Nothing but the lines from the start of the entries through the line holding "BAĞDAT, 5 Nisan" is to be repeated, exactly and with pictures excluded.

**Records from a data source**:
■ ■ ■ ■ ■ ■ ■
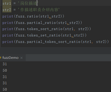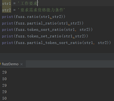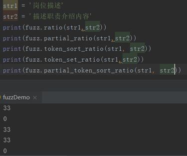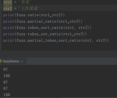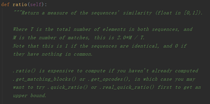 M是匹配的元素个数,T是字符串长度。所以针对partial的函数,我们可以用2/(len(thisStr))*100来判断字符串是否满足模糊匹配。
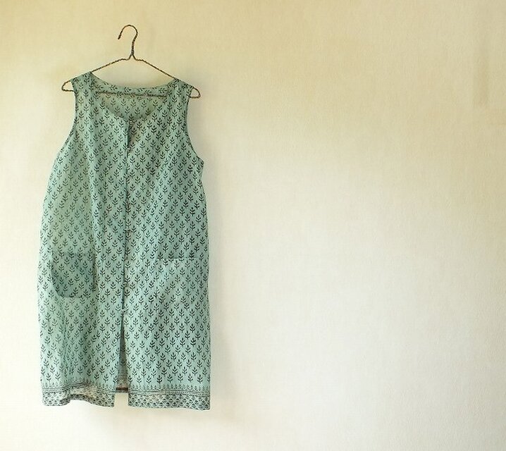 木版印度更紗の生地を使って、ノースリーブの前開きワンピースを作りました。
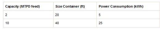 Trailer mounted or 20ft container =LxWxH 6×2,4×2,6m; 40ft container =LxWxH 12×2,4×2,6m
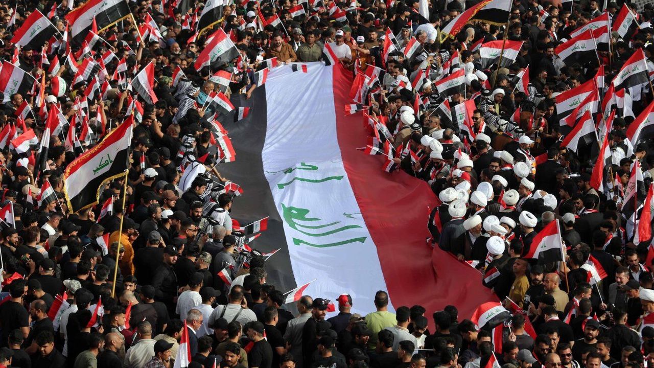 BAĞDAT, 5 Nisan (Xinhua) -- Irak'ın başkenti Bağdat'ta binlerce kişi ABD ve İsrail'in İran'a yönelik saldırılarını protesto etti, 4 Nisan 2026. (Fotoğraf: Khalil Dawood/Xinhua)■
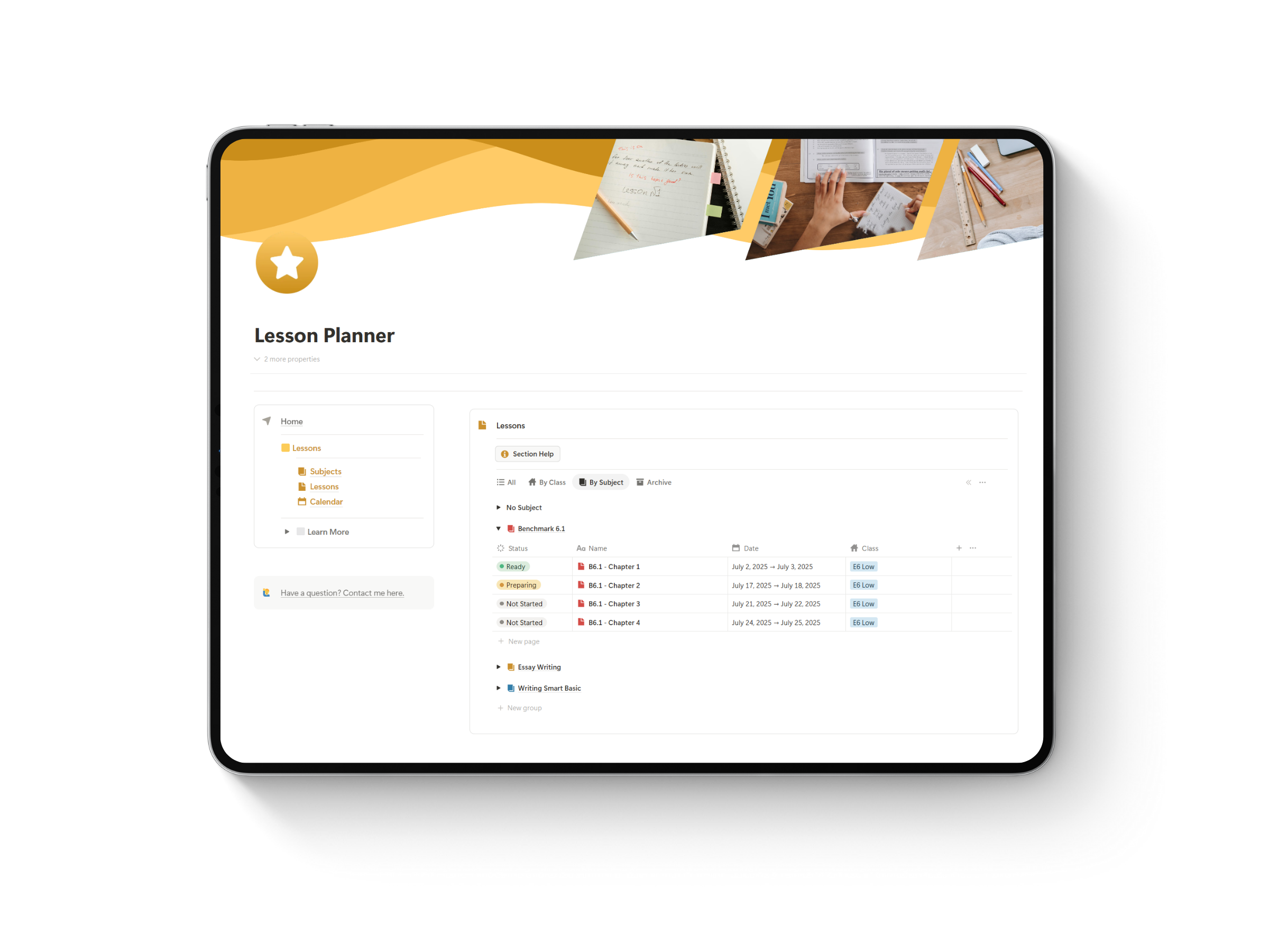 Transform your teaching workflow with The Ultimate Teacher Planner, an all-in-one Notion template designed to help teachers organize lesson plans, manage student data, track grades, and much more—all in one place. What You'll Love: Save Time: Streamline lesson planning and administrative tasks.Boost Productivity: Keep your teaching organized and stress-free with an intuitive, centralized system.Improve Student Tracking: Monitor student performance with integrated attendance and grading tools.Accessible Anywhere: Sync your data across devices, so you can teach and plan on the go. Key Features: Lesson Planning: Organize and schedule lesson plans with templates for consistency.Student Management: Track attendance, grades, and behavior with ease.Task & Project Management: Stay on top of tasks, deadlines, and teaching projects.File & Resource Storage: Easily upload lesson materials and links, keeping everything centralized.Class & Curriculum Organization: Plan classes, map your curriculum, and manage units efficiently.Automated Reporting: Leverage Notion AI for quick student reports based on daily notes. What's Included: Lifetime access & updatesComprehensive video tutorialsInstant access upon purchase Upgrade your teaching experience today with The Ultimate Teacher Planner and simplify your workflow!
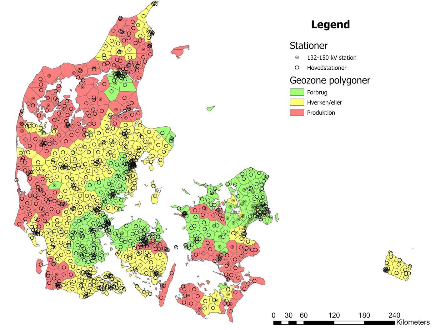 These geographically differentiated tariffs adhere to the specific geozones as seen on Figure 5, which gives an overview of the congestion in the Danish electricity grid. The green areas are defined by an area with a large electricty consumption, thus there will be a larger discount if connecting a new solar or wind park in such a geozone. The green zones are however also defined by being densly populated zones which gives RE-developers NIMBY problems. The yellow zones could be considered a goldilocks
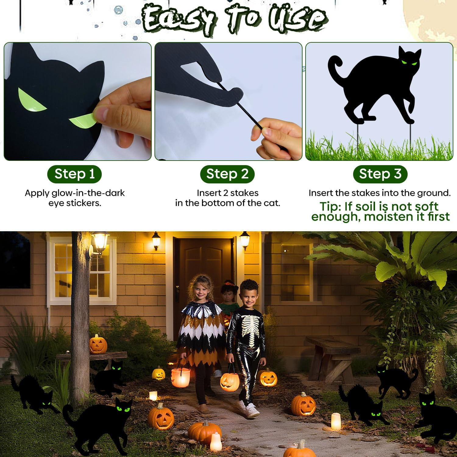 Halloween Decorations Outdoor - 6pc Corrugated Plastic Black Cat Decor w/ Stakes
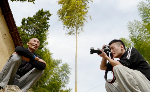 学生为衢江区太真乡竹梗底村留守老人拍照
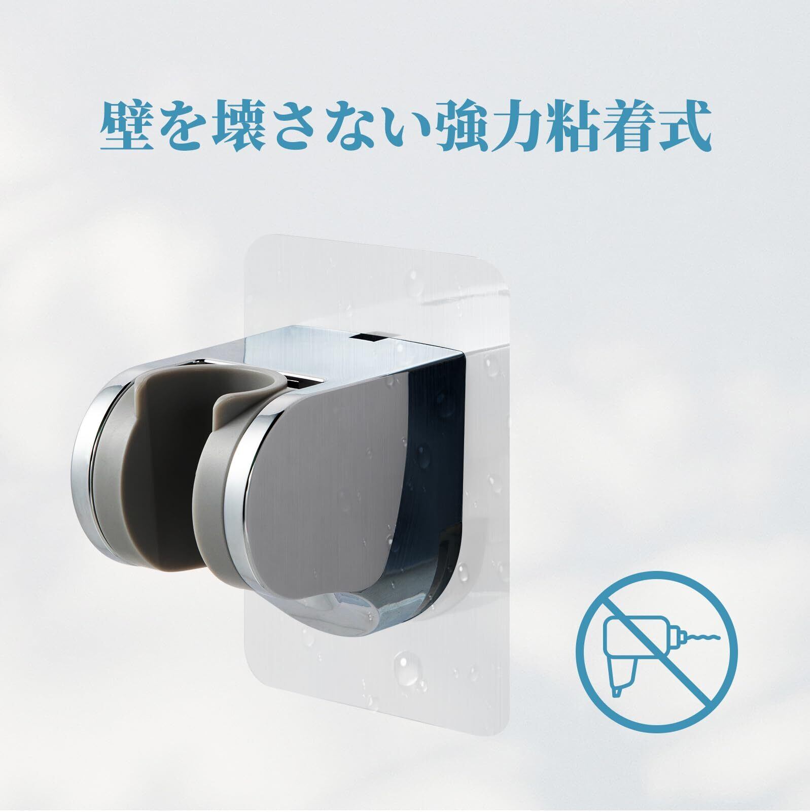 [OFFO] 粘着式シャワーフック シャワー角度45°調整可能 シャワーホルダー 簡単取付 クロムメッキ 取付説明書付き
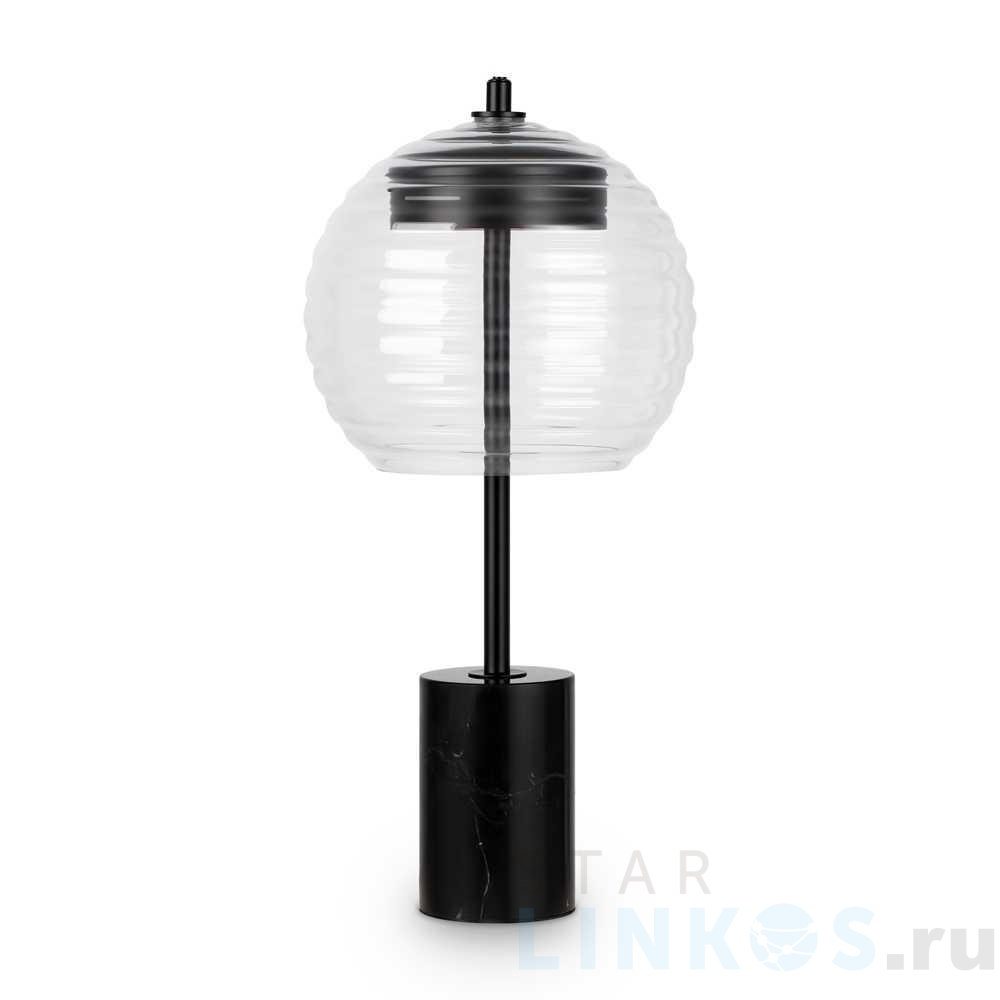 Настольная лампа Maytoni Rueca P060TL-L12BK в современном стиле используется в интерьере кухни с установкой на стол.
■ ■ ■ ■ ■ ■ ■
**Task result**:
 M是匹配的元素个数,T是字符串长度。所以针对partial的函数,我们可以用2/(len(thisStr))*100来判断字符串是否满足模糊匹配。
 木版印度更紗の生地を使って、ノースリーブの前開きワンピースを作りました。
 Trailer mounted or 20ft container =LxWxH 6×2,4×2,6m; 40ft container =LxWxH 12×2,4×2,6m
 BAĞDAT, 5 Nisan (Xinhua) -- Irak'ın başkenti Bağdat'ta binlerce kişi ABD ve İsrail'in İran'a yönelik saldırılarını protesto etti, 4 Nisan 2026. (Fotoğraf: Khalil Dawood/Xinhua)■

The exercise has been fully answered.